Joe Fleming provides an overview of the cause and treatment of snapping hip syndrome.
Suppose you hear an audible snapping sound when you flex or extend your hip. In that case, you may be dealing with snapping hip syndrome, a condition symptomatic of an underlying musculoskeletal injury to the soft tissues in or around the hip. Do not miss this essential injury guide to snapping hip syndrome, also known as coxa saltans, with tips for treating and preventing it.
Anatomy of the Hip Joint
The pelvis and thigh bone join to form the hip, the largest weight-bearing joint in the body. As a ball and socket joint, the hip forms the junction at which the ball of the femur (thigh bone) comes to rest inside the deep, circular sockets on either side of the pelvis, essentially connecting the legs to the rest of the body.
The joint capsule located here is known as the acetabulum; it, along with a series of muscles, ligaments, and tendons holds the joint together and provides stability to the hip and legs. Damage to any range of the bones, muscles, tendons, ligaments, cartilage, nerves, or blood vessels in and around the hip can lead to cascading issues in the groin, knees, and legs. Read more here.
What Causes Snapping Hip Syndrome?
Often mistaken for the hip joint coming out of the socket, snapping hip syndrome is more a result of joint damage inside the hip itself or to the muscles and tendons surrounding it.
IT Band Syndrome
One of the most common causes of snapping hip syndrome is an inflamed iliotibial band snapping over a bony prominence on the outside of the hip known as the greater trochanter. The iliotibial band, or IT band, is a wide, fibrous tendon that runs along the outside of the leg from the hip down to the knee. When it becomes irritated and inflamed from overuse, an injury known as IT band syndrome occurs.
IT band syndrome can result in both snapping hip syndrome as well as knee pain when the IT band does the same thing but over the lower part of the thigh bone.
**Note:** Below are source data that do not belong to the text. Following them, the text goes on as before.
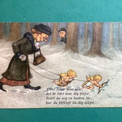 Jace. Julkort. Tomtar drar släden.
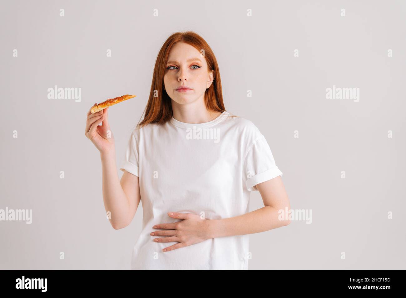 Studio portrait of sick sad young woman feeling pain in stomach after
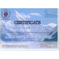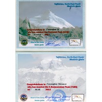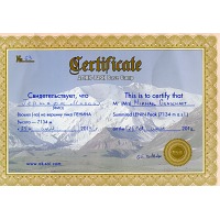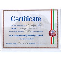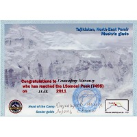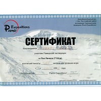 В данном конкретном случае от морального разрывания на клочки меня спасла любимая маечка. Ну очень мне флаг Киргизии нравится — золотое солнце на красном фоне. Кто-то из окружающих потыкал пальцем в обозначенную на маечке высоту (пик Ленина, 7 134 м), на том дискуссия и завершилась. А одел бы другую? Бейджиков не ношу, дипломы не таскаю, удостоверение инструктора настолько обветшало, что можно в музей сдавать. Решил выложить достижения здесь и посылать интересующихся ....... в интернет.
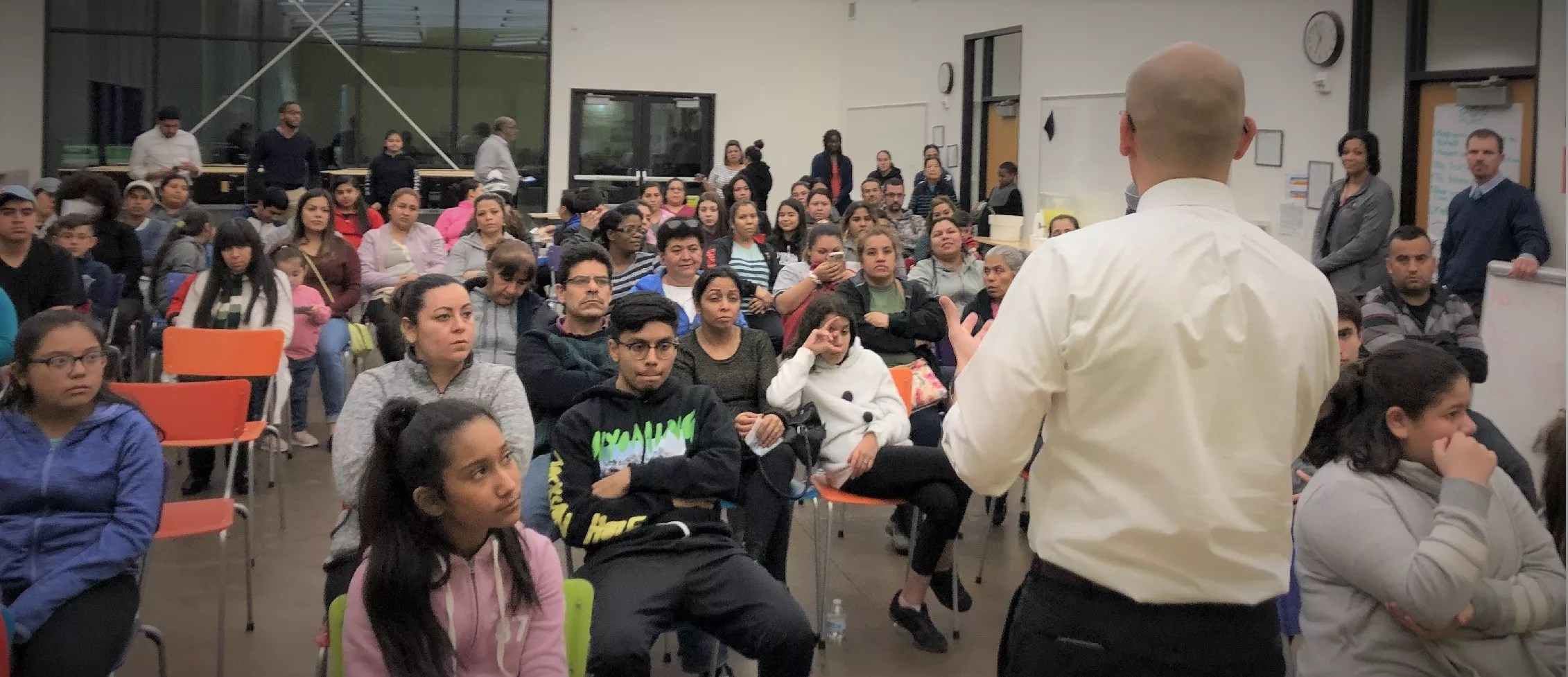 Throughout the meeting, the parents were quiet but intensely focused on what was being said. Some listened to a Spanish translation on Bluetooth earphones. After Elizalde spoke, a few parents asked pointed technical questions about transfer requirements and paperwork.

The same tense snapping can also happen with the gluteus maximus muscle rubbing over the greater trochanter. These two instances are referred to as external snapping hip syndrome or extra-articular snapping syndrome because of how they occur on the outside of the hip.
Hip Labral Tear
The final cause of snapping hip has nothing to do with slipping muscles and tendons like the first two. Instead, intra-articular snapping hip originates on the inside of the hip joint and may be caused by torn cartilage or even loose debris in the socket.
This is the least common cause of snapping hip syndrome because it involves the very cartilage that lines the hip joint tearing, flapping down, and catching in the joint during hip movement. An injury or underlying problem like a structural abnormality with the hip joint itself is usually at work in these cases.
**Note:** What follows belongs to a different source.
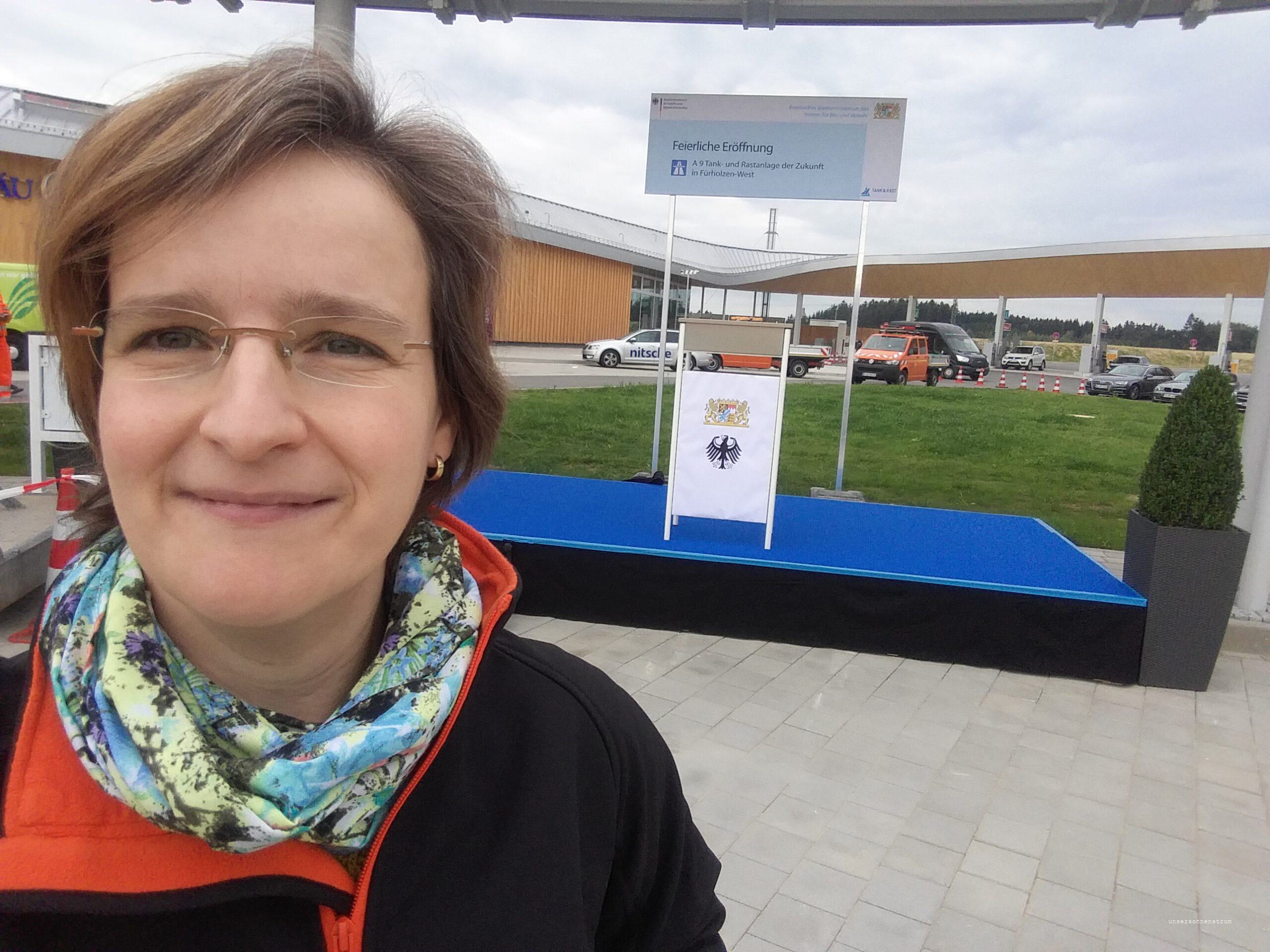 Am 22. September fuhren wir ganz unspektakulär zur eRUDA nach Fürstenfeldbruck. Diese 327 km fährt man mittlerweile völlig entspannt. Das Einzige, was einen aufregen könnte ist, dass man sich nicht mehr entscheiden kann, an welchem Schnelllader man denn nun anhält und seine Ladeweile verbringt. Etwas aufregendes gab es ja nun doch auf der Hinfahrt. Wir hielten an der neu entstandenen Rastanlage Fürholzen West. Diese wird von Tank&Rast betrieben und hat uns als Elektromobilisten mit einem neuen Ladeerlebnis belohnt. Genaueres hier im Link. Noch bevor an diesem Nachmittag Herr Dobrindt dieses vollbrachte Werk eröffnete, wurden wir durch die Absperrung gelassen und durften laden.

Symptoms of hip labral tears include locking or catching sensation in the hip joint, stiffness, limited range of motion, and pain in the groin or hip.
Risk Factors and Complications
A variety of athletes are more prone to developing snapping hip syndrome than others, including ballet dancers which is why the condition is sometimes referred to as "dancer's hip." Gymnasts, rowers, ice hockey players, golfers, short-distance runners, and soccer players may also develop it more than other athletes.
Researchers believe that excessively tight muscles may be an overarching risk factor for snapping hip syndrome, especially right after growth spurts as muscles and tendons may not lengthen as quickly as bones grow. Snapping hip syndrome is more common among adolescents though older teens and adults up to their 30s may experience it too.
On top of the snapping and popping sensation, complications of snapping hip syndrome might include:
Diagnosing and Treating Snapping Hip Syndrome
When it comes to diagnosing the snapping hip syndrome an athlete has, a doctor will conduct several tests. A physical exam with medical history can help evaluate muscular strength and gait to gauge any stability or muscle imbalance issues that may be contributing to the snapping hip.
Dynamic joint range of motion tests will also assist the diagnosis; they typically involve the athlete standing up or lying down and completing flexion, abduction, and external rotation movements. A doctor may also use imaging tests like x-rays, ultrasounds, and MRIs to locate the correct anatomic region where the snapping is occurring.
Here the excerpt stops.